Indeed, while I’d never have considered it before, I’m now open to dating again.

But the moment that got me - really got me - was when my daughter put her arms around me properly for the first time ever.

She gave me a hug and could reach all the way round my middle with her hands meeting on my back.

She held on and told me she was proud of me, and I just held her back and cried. They were tears of pride, yes, but also of hope when I think about the future my daughter and I can build together.

That’s what this is all really about.

I took on my first clients in January this year, and I’m now building a business helping others do what I did - but properly.
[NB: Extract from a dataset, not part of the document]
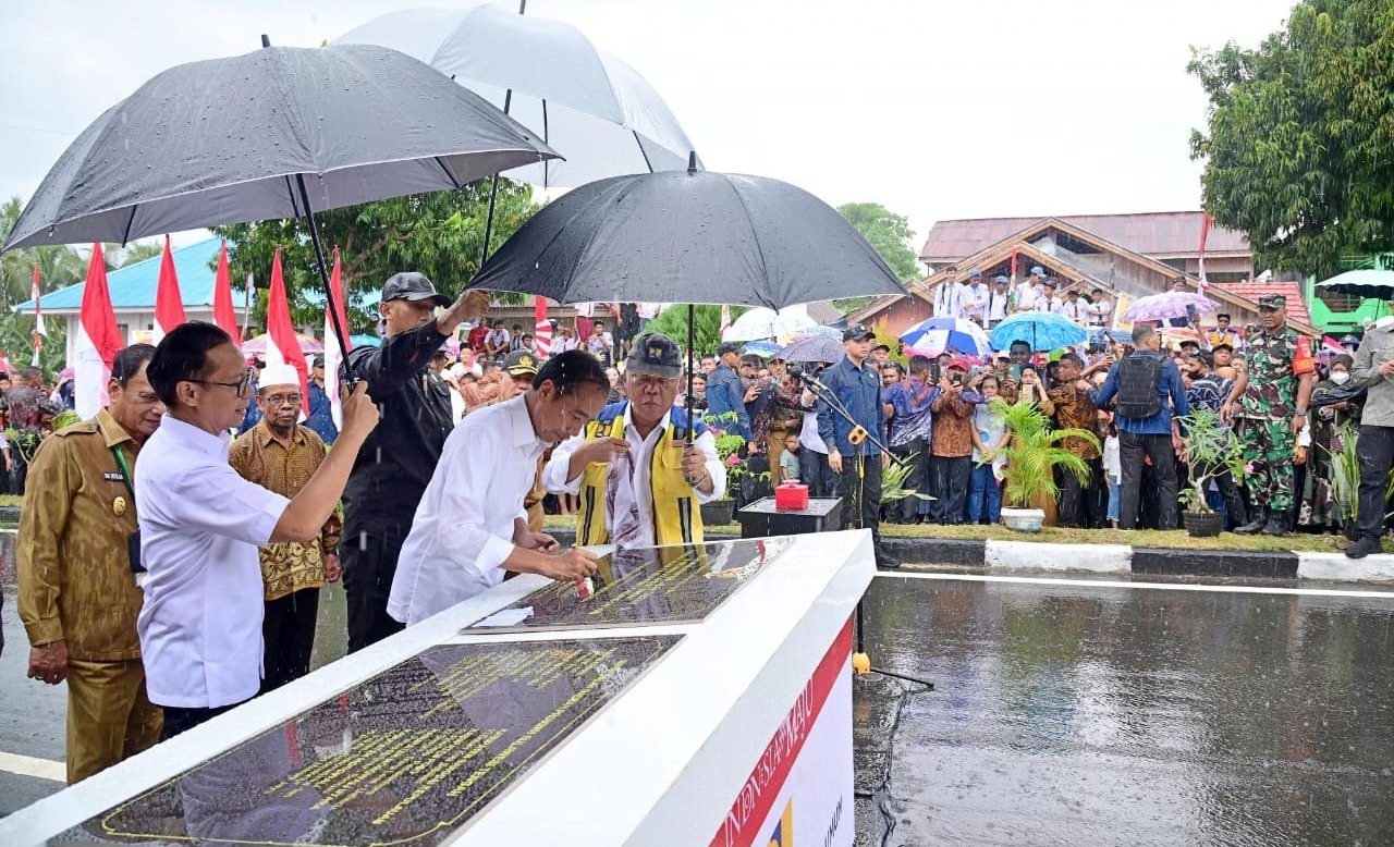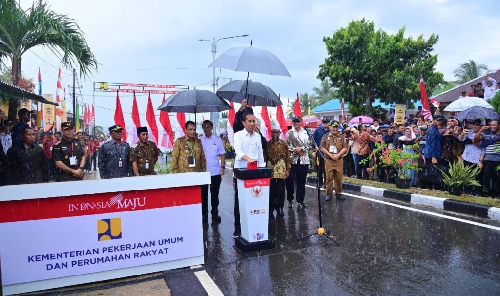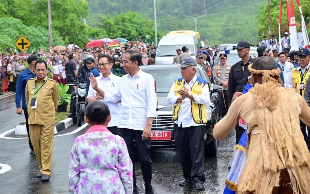 Dokumentasi: Presiden Joko Widodo (Jokowi) didampingi Menteri Pekerjaan Umum dan Perumahan Rakyat (PUPR) Basuki Hadimuljono, saat meresmikan perbaikan 15 ruas jalan sepanjang 147 km yang ditangani dengan Inpres Jalan Daerah (IJD) dengan biaya sebesar Rp330 M yang tersebar di 9 Kabupaten di Provinsi Sulawesi Tengah (Sulteng). DelikAsia.com, (Banggai Kepulauan) | Presiden Joko Widodo (Jokowi) didampingi Menteri Pekerjaan Umum dan Perumahan Rakyat (PUPR) Basuki Hadimuljono meresmikan perbaikan 15 ruas jalan sepanjang 147 km yang ditangani dengan Inpres Jalan Daerah (IJD) dengan biaya sebesar Rp330 M yang tersebar di 9 Kabupaten di Provinsi Sulawesi Tengah (Sulteng). Peresmian dilakukan terpusat di ruas Jalan Dalam Kota Salakan Kepulauan Banggai pada Selasa (26/3/2024).

There is an 86 per cent chance of the weight coming back on when people stop GLP-1 injections without changing their lifestyle. Eighty-six per cent. People are using these jabs without understanding nutrition, muscle loss, emotional eating or what happens next. I want to close that gap. I call it my GLP-1 Success approach: use them at the lowest effective dose, build the habits alongside, and come off them slowly so the lifestyle does the heavy lifting.

You hit the menopause and you can feel like it’s all over, like the version of you that felt good is gone forever. I’m here to tell you it’s not. I feel like me again - but a far better version than ever before.

## Louise's Diet

## Before

Breakfast: Diet Coke the moment she woke up. ‘I lived off it.’

Morning: Pastries from the bakery

Lunch: Egg mayo sandwich and a packet of crisps

3pm: Boredom snacking - more chocolate and crisps

Dinner: Curries, fish and chips, pies and comfort food

Evening: A bottle of wine, then more crisps on the sofa

## After

Breakfast: Chia seed pudding or overnight oats

Mid-morning: Fruit with high-protein additions to balance blood sugar

Lunch: Chicken salad

Dinner: Spelt and cannellini bean chicken stew, or dishes with ancient grains like quinoa. ‘I don’t eat pasta, rice or bread anymore - and I genuinely don’t want to.’